The Wake Forest Garden Club is proud to be the longest continuing community service organization in Wake Forest. Since Susie Lanneau Powell presided over our first meeting in October of 1924, the Club has gone on to survive difficult times and to manage great achievements. In 1926 the Club was one of the earliest garden clubs in North Carolina to become a member of the State Federation of Garden Clubs. In 1933 the Club organized a junior Garden Club and established a bird sanctuary at what is now Paschal Golf Club. During the 1940s the Club directed its efforts into decorating and furnishing the Wake Forest Community House and grounds. After Wake Forest College moved to Winston-Salem in 1956, the Club suffered a serious decline in membership. Rather than allowing the Club to wither away, longtime members rallied and kept the Club going. Not only did the Club survive the loss of the College, but was instrumental in preserving the Calvin Jones House, now home to the Wake Forest Historical Museum. Then in 2000 the Club became enamored with the Natural Gardens of Rockcliff Farm and worked to revitalize the B.W.Wells Association. In recent years the Club participates in community projects, and maintains the Museum gardens.

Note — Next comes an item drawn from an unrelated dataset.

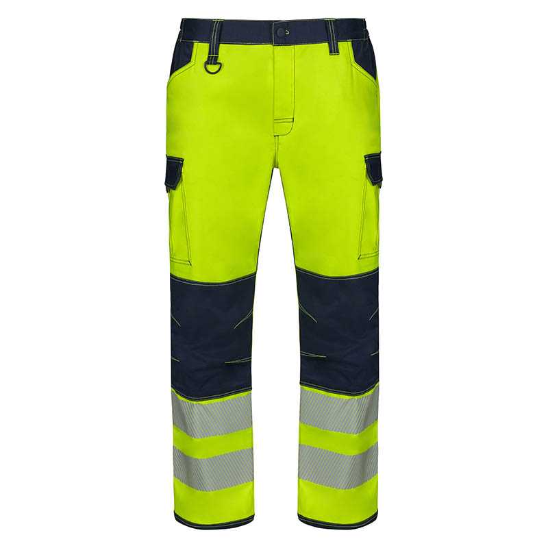 Product Fabrics: 65% polyester, 35% cotton Description: Waistpant in easy care polyester/cotton which keeps color and shape. Waistpants with side pockets and back pockets with flap and Velcro closure. Folding rule pocket and pocket for tools with knife button. Two hammer loops, one on each side. Reinforcement in the folding rule pocket and over knees. Reflective piping on the outside legs for increased visibility. Internal pockets for knee protectors, adjustable in two height levels. Size C42-C64 can be extended by 5 cm.

In June 1956, one month after Wake Forest College moved to Winston-Salem, a group of eleven women from the Wake Forest Garden Club decided to save the Calvin Jones House from a planned demolition. Their petition stated, in part:
“We, the undersigned chairman and committee appointed by the Wake Forest Garden Club to promote an interest toward restoring the oldest house in Wake Forest, make this appeal to all who can and will help to make this project a permanent success…. If the first administration building of Wake Forest College can be saved, we feel that it should be saved in a permanent and beautiful way, giving it all the prestige of antiquity in furniture and surroundings that would be true to the period of early days and it would require financial support.”
First known as the Calvin Jones Memorial Society, Inc., the Garden Club’s new nonprofit made plans to purchase the house, move it off campus, complete a full restoration, and then open it to the public as a museum. In direct response to their efforts, Southeastern Baptist Theological Seminary gave the house to the Society, and Wake Forest College donated the lot on N. Main Street. In 1959, the nonprofit changed its name to the Wake Forest College Birthplace Society, Inc. Garden Club leaders such as Kathleen Mackie Lake, Ruth Snyder, Pauline Binkley and Carolyn Holding continued to blaze the trail— in 1963 holding a “Rock Party” to prepare the new lot for mowing, organizing the first membership drive in 1975, and collecting artifacts connected to the college to populate the Museum.
In more recent years, the Wake Forest Garden Club has contributed funds and time to the museum, more to the museum than perhaps any other local civic organization. For more than 30 years we have provided regular gifts of funds for the benefit of the Museum as well as volunteer hours to maintain the Museum gardens. In return, the Museum has generously provided space for our meetings and fund raisers.